YOUR INSTRUCTIONS: From the first line to the last, restate the data exactly, leaving out the images.

Items from a data source:
--
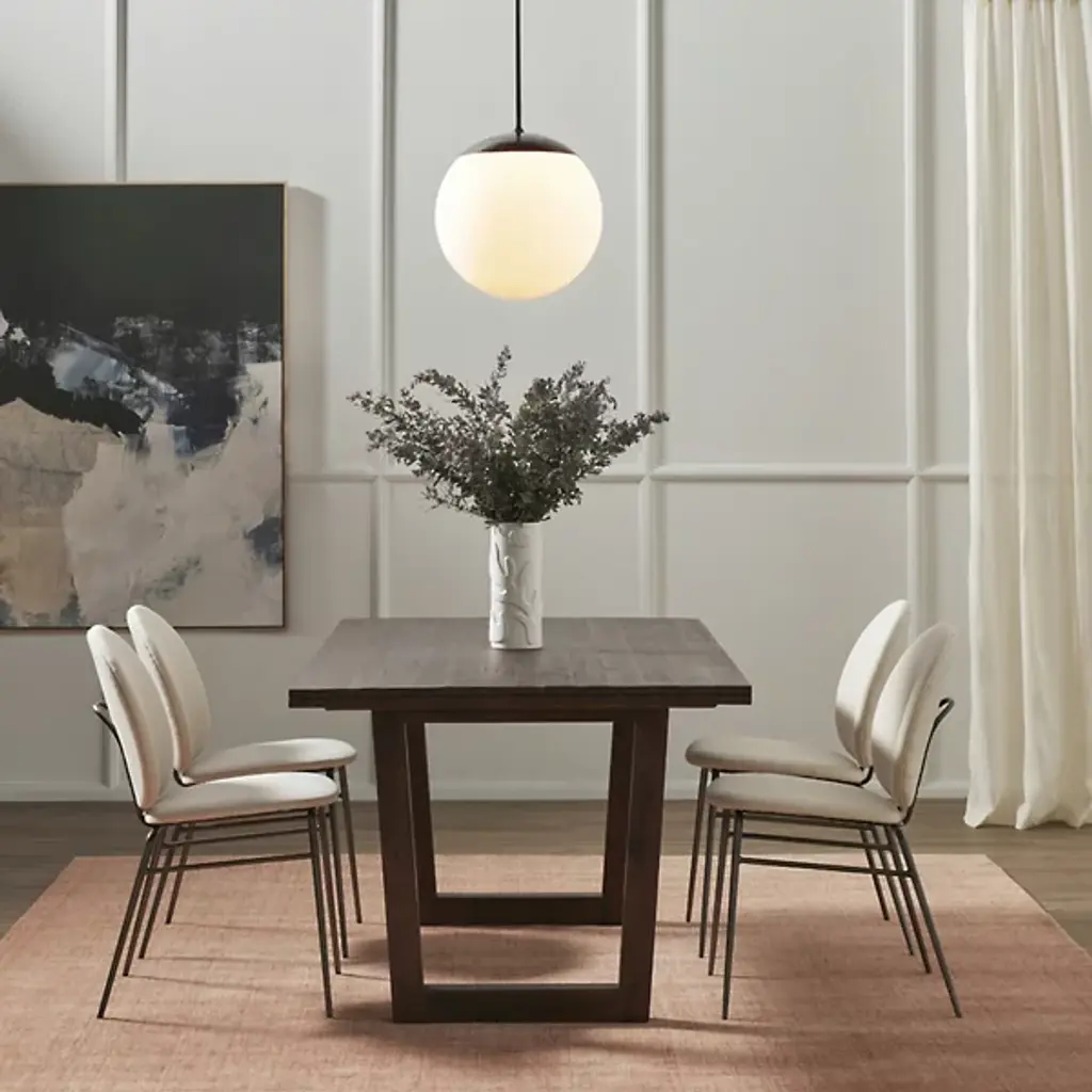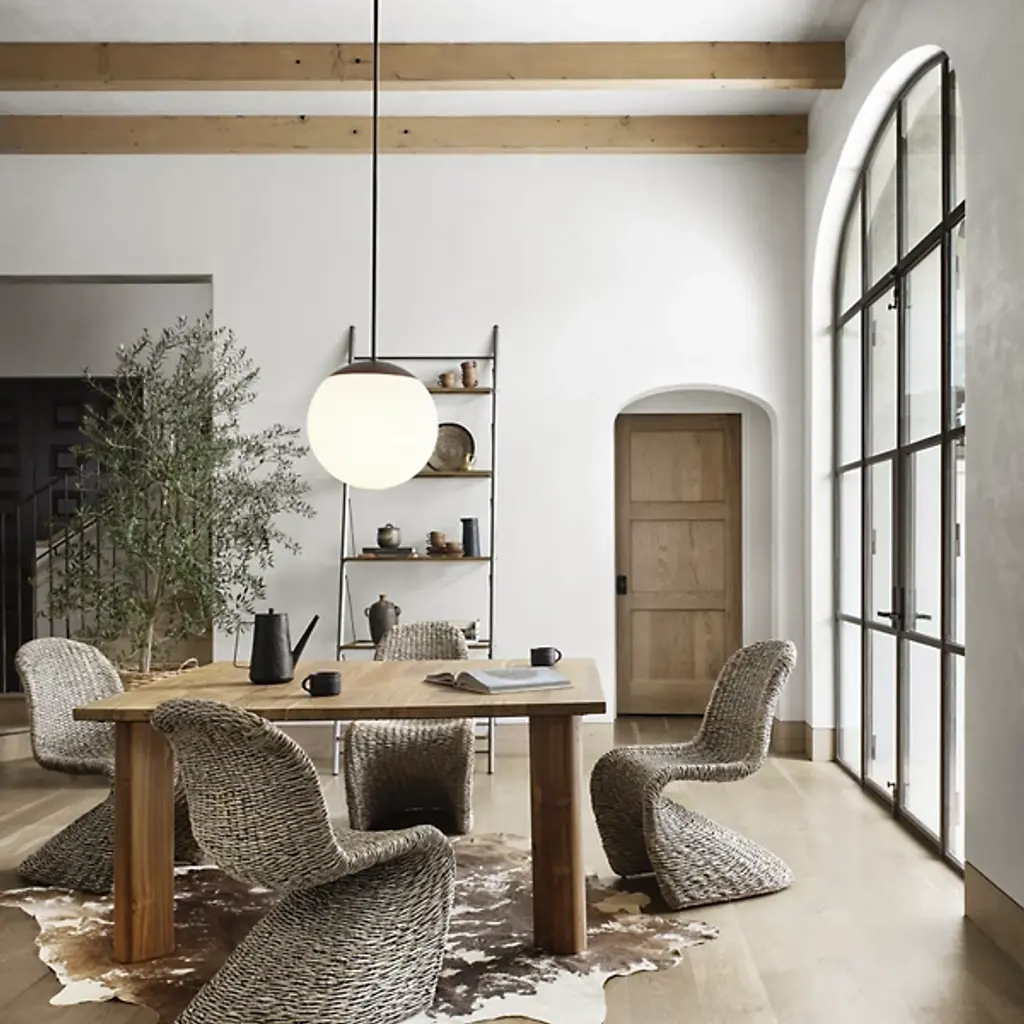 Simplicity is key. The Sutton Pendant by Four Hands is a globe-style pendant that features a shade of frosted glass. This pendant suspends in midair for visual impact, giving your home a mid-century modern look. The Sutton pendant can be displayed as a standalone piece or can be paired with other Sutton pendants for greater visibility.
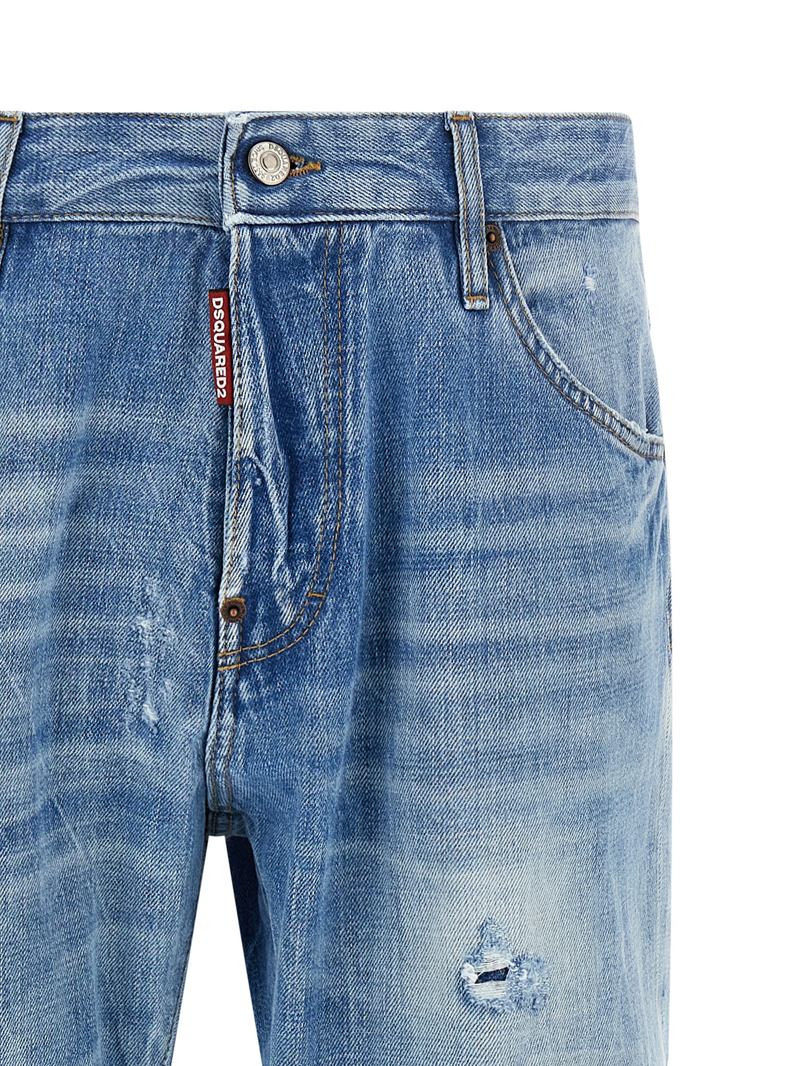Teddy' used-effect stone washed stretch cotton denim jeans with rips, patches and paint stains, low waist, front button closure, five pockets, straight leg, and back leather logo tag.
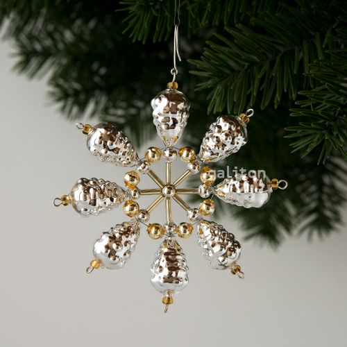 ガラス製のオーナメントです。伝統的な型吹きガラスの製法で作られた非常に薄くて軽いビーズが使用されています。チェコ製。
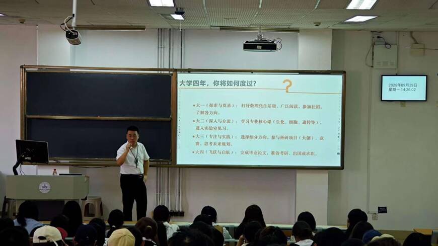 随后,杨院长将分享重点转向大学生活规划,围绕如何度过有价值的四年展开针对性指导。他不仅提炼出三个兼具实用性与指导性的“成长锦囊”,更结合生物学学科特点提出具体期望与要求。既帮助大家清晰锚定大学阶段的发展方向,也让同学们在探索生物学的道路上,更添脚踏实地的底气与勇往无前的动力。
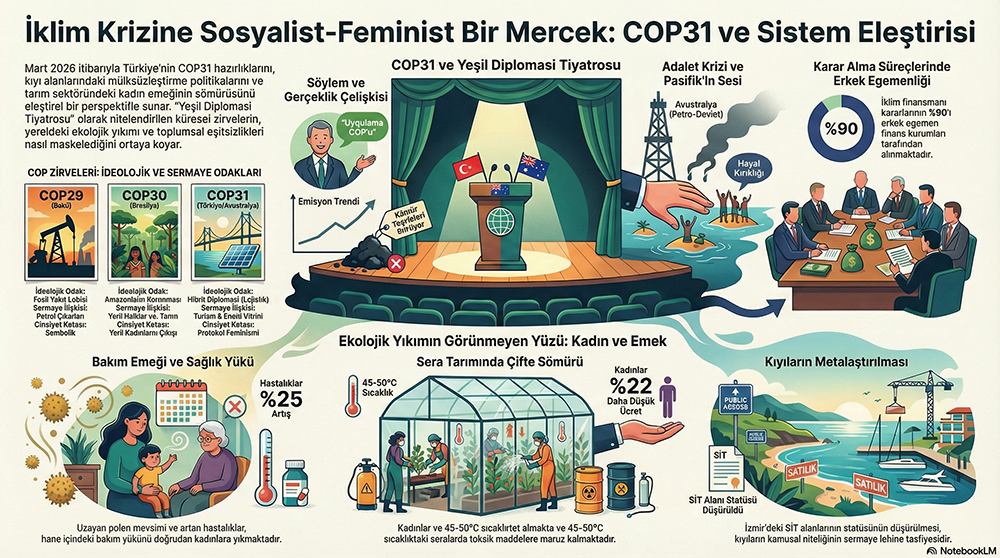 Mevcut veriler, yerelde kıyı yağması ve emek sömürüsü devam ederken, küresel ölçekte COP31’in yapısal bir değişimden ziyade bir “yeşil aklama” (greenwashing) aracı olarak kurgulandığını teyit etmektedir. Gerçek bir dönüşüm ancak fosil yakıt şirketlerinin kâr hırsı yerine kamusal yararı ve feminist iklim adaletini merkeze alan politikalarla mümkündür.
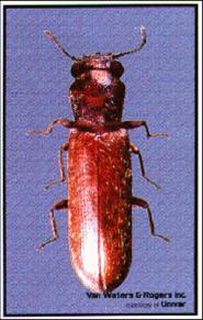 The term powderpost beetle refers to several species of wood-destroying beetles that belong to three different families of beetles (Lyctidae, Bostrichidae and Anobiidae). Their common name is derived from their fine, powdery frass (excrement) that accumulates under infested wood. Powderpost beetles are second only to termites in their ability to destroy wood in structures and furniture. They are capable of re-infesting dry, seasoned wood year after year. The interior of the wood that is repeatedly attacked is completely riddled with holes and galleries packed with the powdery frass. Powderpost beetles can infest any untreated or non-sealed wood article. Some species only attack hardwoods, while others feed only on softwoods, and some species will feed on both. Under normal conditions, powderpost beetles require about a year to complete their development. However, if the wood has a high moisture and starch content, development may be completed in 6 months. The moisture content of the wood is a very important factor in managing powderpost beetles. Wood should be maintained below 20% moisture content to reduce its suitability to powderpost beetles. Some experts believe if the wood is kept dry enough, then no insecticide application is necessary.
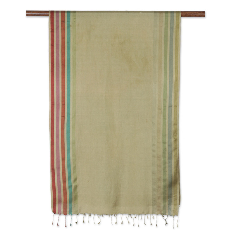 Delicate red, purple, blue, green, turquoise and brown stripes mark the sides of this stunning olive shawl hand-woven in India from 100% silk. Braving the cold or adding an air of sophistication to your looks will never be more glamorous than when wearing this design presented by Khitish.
--
ANSWER SPACE:
 Simplicity is key. The Sutton Pendant by Four Hands is a globe-style pendant that features a shade of frosted glass. This pendant suspends in midair for visual impact, giving your home a mid-century modern look. The Sutton pendant can be displayed as a standalone piece or can be paired with other Sutton pendants for greater visibility.
Teddy' used-effect stone washed stretch cotton denim jeans with rips, patches and paint stains, low waist, front button closure, five pockets, straight leg, and back leather logo tag.
 ガラス製のオーナメントです。伝統的な型吹きガラスの製法で作られた非常に薄くて軽いビーズが使用されています。チェコ製。
 随后,杨院长将分享重点转向大学生活规划,围绕如何度过有价值的四年展开针对性指导。他不仅提炼出三个兼具实用性与指导性的“成长锦囊”,更结合生物学学科特点提出具体期望与要求。既帮助大家清晰锚定大学阶段的发展方向,也让同学们在探索生物学的道路上,更添脚踏实地的底气与勇往无前的动力。
 Mevcut veriler, yerelde kıyı yağması ve emek sömürüsü devam ederken, küresel ölçekte COP31’in yapısal bir değişimden ziyade bir “yeşil aklama” (greenwashing) aracı olarak kurgulandığını teyit etmektedir. Gerçek bir dönüşüm ancak fosil yakıt şirketlerinin kâr hırsı yerine kamusal yararı ve feminist iklim adaletini merkeze alan politikalarla mümkündür.
 The term powderpost beetle refers to several species of wood-destroying beetles that belong to three different families of beetles (Lyctidae, Bostrichidae and Anobiidae). Their common name is derived from their fine, powdery frass (excrement) that accumulates under infested wood. Powderpost beetles are second only to termites in their ability to destroy wood in structures and furniture. They are capable of re-infesting dry, seasoned wood year after year. The interior of the wood that is repeatedly attacked is completely riddled with holes and galleries packed with the powdery frass. Powderpost beetles can infest any untreated or non-sealed wood article. Some species only attack hardwoods, while others feed only on softwoods, and some species will feed on both. Under normal conditions, powderpost beetles require about a year to complete their development. However, if the wood has a high moisture and starch content, development may be completed in 6 months. The moisture content of the wood is a very important factor in managing powderpost beetles. Wood should be maintained below 20% moisture content to reduce its suitability to powderpost beetles. Some experts believe if the wood is kept dry enough, then no insecticide application is necessary.
 Delicate red, purple, blue, green, turquoise and brown stripes mark the sides of this stunning olive shawl hand-woven in India from 100% silk. Braving the cold or adding an air of sophistication to your looks will never be more glamorous than when wearing this design presented by Khitish.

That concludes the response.